In Forever Young, University of Toronto professor Marcel Danesi aims to expose our society’s view of adolescence and its associated “problems” as an artificial construct perpetuated by a media-driven culture. This is worsened, Danesi argues, by a tendency to blur the lines between adolescence and adulthood through the worship of all things youthful – what he calls the “forever young syndrome.” The image of an aging hippie that Danesi witnessed at a 1994 Grateful Dead concert is the book’s leitmotif for our culture’s pathetic obsession with recapturing lost youth.
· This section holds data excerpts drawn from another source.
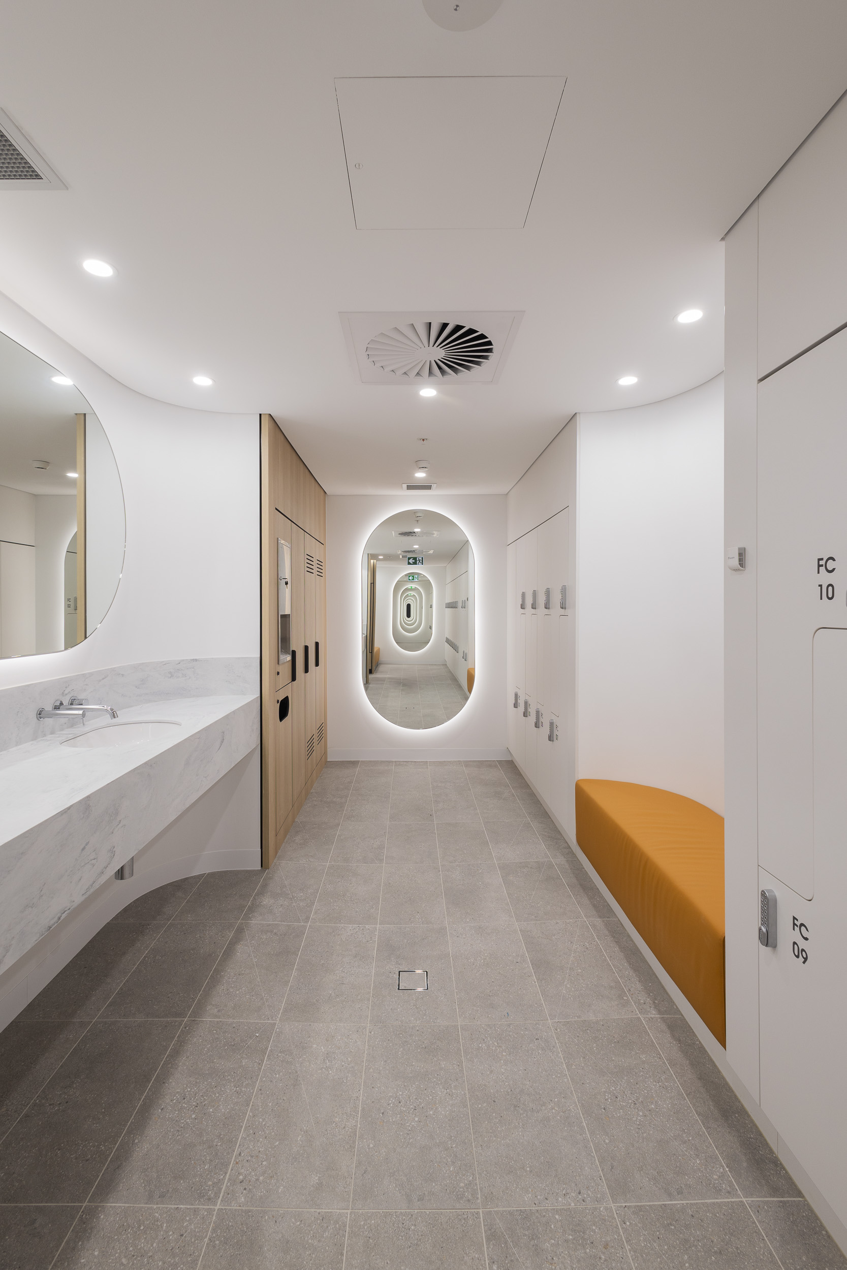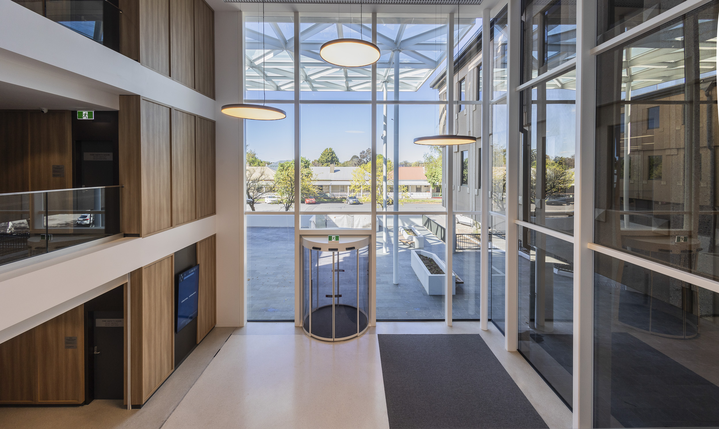 The scope included substantial upgrades to two primary ground-floor entrances — the Bathurst Forecourt and the Main Kite Street Entrance, alongside the construction of a new 11-metre-high glazed atrium. Additional works included new ground-floor amenities, a modern End-of-Trip facility with bike storage, and extensive building services upgrades. All works were delivered within a fully occupied, operational building, requiring careful staging, robust safety controls, and close coordination with occupants.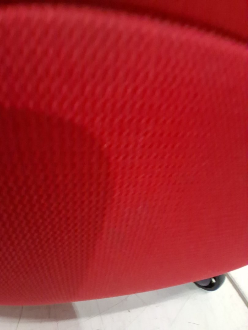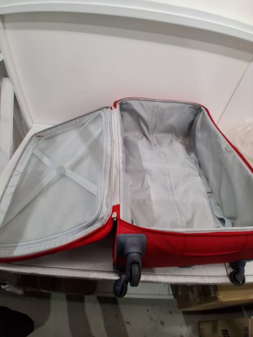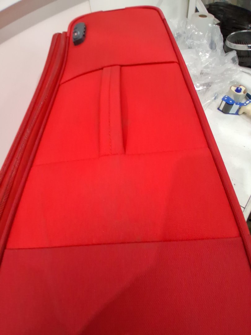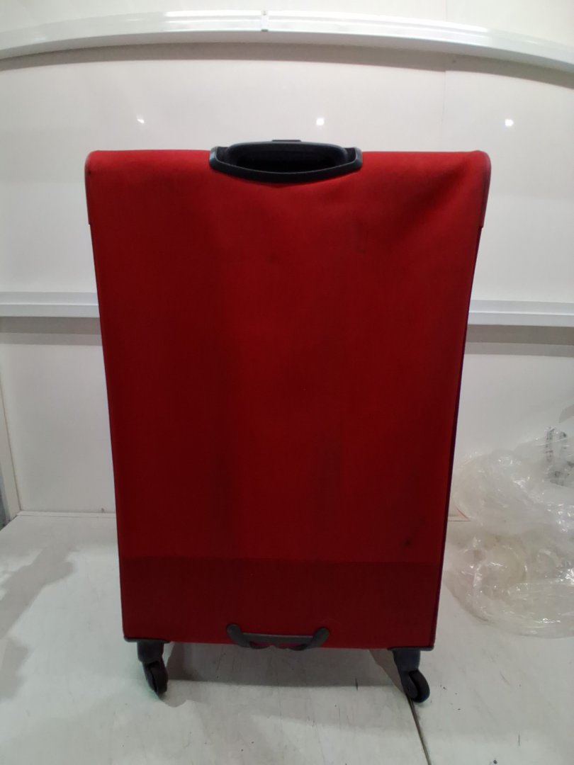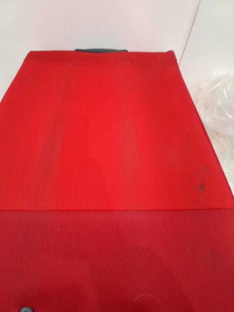 It has dirt marks on multiple spots and wheels have slight ware from previous use and a small hole in the bottom side - see photos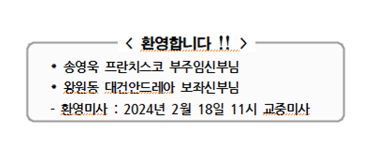 환영합니다 !! 페이지 정보 작성자 사무실 댓글 0건 조회Hit 3,381회 작성일Date 24-02-15 13:42 본문 환영합니다 !! 목록 이전글2027년 서울 세계청년대회( WYD )를 위한 ‘묵주기도 10억단 바치기 운동’ 24.02.21 다음글수녀님 인사 이동 24.02.15 댓글목록 댓글목록 등록된 댓글이 없습니다.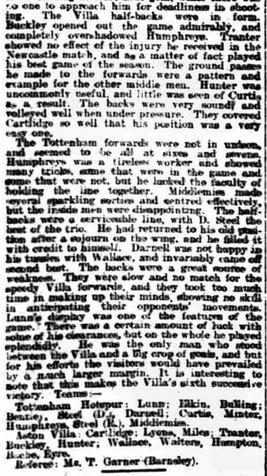 🟩 19 Nov 1910, Villa 2-1 Spurs, White Hart Lane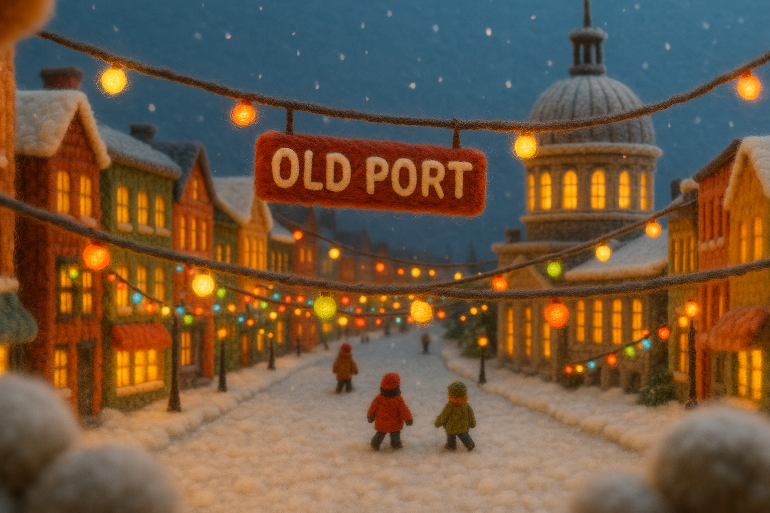 A cozy winter scene of Old Port, Montreal, featuring colorful buildings and festive lights, all crafted to resemble woolen textures. Snow gently falls as small figures stroll through the scene.

Danesi’s premise is intriguing. Almost immediately, however, the book loses focus, lapsing into long-winded digressions and becoming mired in particulars irrelevant to the central thesis. Although Danesi makes reference to a research team, most of his conclusions are drawn from highly anecdotal evidence and his own, sometimes bizarre musings about popular culture. Despite criticizing the ephemerality of pop music, he spends a great deal of time weighing the merits of its various practitioners, from Procol Harum to Eminem, employing a host of brazenly subjective modifiers like “weird,” “slop,” “moronic,” or “garbage.” This, while repeatedly pointing out the rather obvious fact that almost none of the music attains the level of “high art” (the Beatles’ “Yesterday” apparently comes close).
An inordinate amount of space is given over to examples of teen slang, when a few instances would have sufficed. Danesi warns repeatedly of the “dangers” of adults attempting to maintain their youth by acquiring the tastes and outward trappings of adolescence, but it is never really clear, beyond being somewhat undignified, what that danger really is.
Although Danesi says at the outset that, because of the importance of its subject matter, his book is not aimed primarily at an academic audience, his writing lacks the light touch and, above all, the sense of humour, to make his work relevant to a wider readership.